Now, reality check. Some people are going to do these calculations and see $0 left over and some people are going to see $500+ left over. For those that are at $0, remember that this is zero after ALL of your basic needs are met. Market research shows that 57% of Americans have reported they are living paycheck to paycheck with zero left over for medium or low priority expenses. This issue is not specific to just yourself, you are a part of a bigger issue that we can all be proactive about resolving. Take a look at my next blog post, Millennial Economics for Everyone, where I go into more detail on the effects the current economy has on the working age class and how we can fight back, make more money, and have financial peace of mind. 

For those of you who are still reading because you have $20-$500 or more left over each month. Congratulations, you have broken the ceiling. Which is no small feat, there was a study done in 2010 that stated people who make at least $75,000 a year are significantly happier than those who make less. I know that’s a total Captain Obvious statement, but it's worth noting, in this day and age where happiness is considered a unit of measure, you’ve passed. 

All jokes aside, taking the surplus of money that you have and weighing it out against low-medium priority expenses, trips, dinners, shopping, events, and everything fun that life has to offer, it becomes another daunting project that brings you almost as much stress as the first task. And there are dozens of methods that you could use, but the method that I have used personally and suggested to all my friends and family is the 60/40 method. That means 60% of those additional funds go to personal use and 40% goes to savings. I’ve suggested that people who want to save more, can flip the script and send 60% to savings and 40% to personal use. 

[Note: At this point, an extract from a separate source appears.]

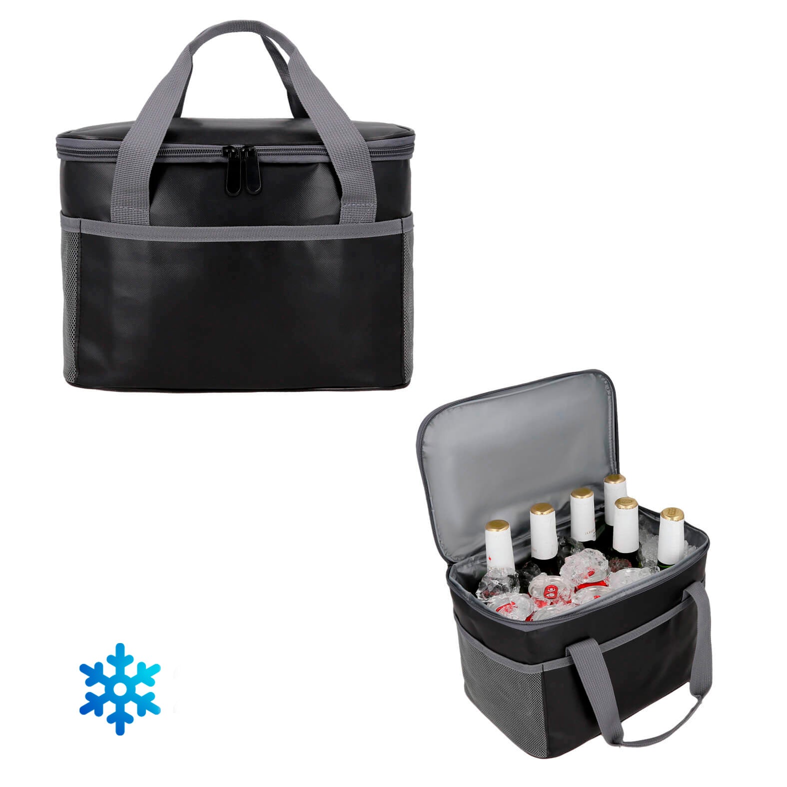 hielera con interior impermeable, doble cierre, 1 bolsa frontal, 2 mallas laterales y doble asa.

Full disclosure, there are tons of people out there that would say “No, I’m gonna take all my extra money and SAVE it” or “I’m gonna take all my extra money and SPEND it”. I’m here to let you know that both options are valid and up to each person’s discretion. But if your goal is to become more financially literate, there is a psychological study done by Christin Siegfried and Eveline Wuttke that proves adults who apply delayed gratification in finances, are able to retrain their mind to have healthier outlook of their financial standing. This means that by creating a fair balance (60/40) with your extra money will limit the amount you have to spend, but will also retrain your mind to have a positive outlook on your financial health. It’s like a reward! 

Let’s be real—money stuff can feel like a never-ending rollercoaster. One minute you’re calculating how to survive the week on $12.47, and the next you’re planning a weekend getaway because payday hits and you're feeling rich-rich. But here’s the thing: managing your money doesn’t have to suck the joy out of life.

By ditching the guilt, getting real with your priorities, and finding a system that works for you (hello, 60/40 method), you’re already winning. Think of financial literacy like a new habit or hobby—kind of like skincare, but for your wallet. You’re not going to be a pro overnight, and that’s totally okay. What matters is that you’re starting, you’re trying, and you’re giving future-you a high five in advance.

So unsubscribe from that streaming service you forgot about, celebrate your $8 victory, and keep building a system that lets you live your life and feel good about it. Money doesn’t have to be scary—it can actually be empowering, once you flip the script.

You’ve got this. Me and your bank account are rooting for you.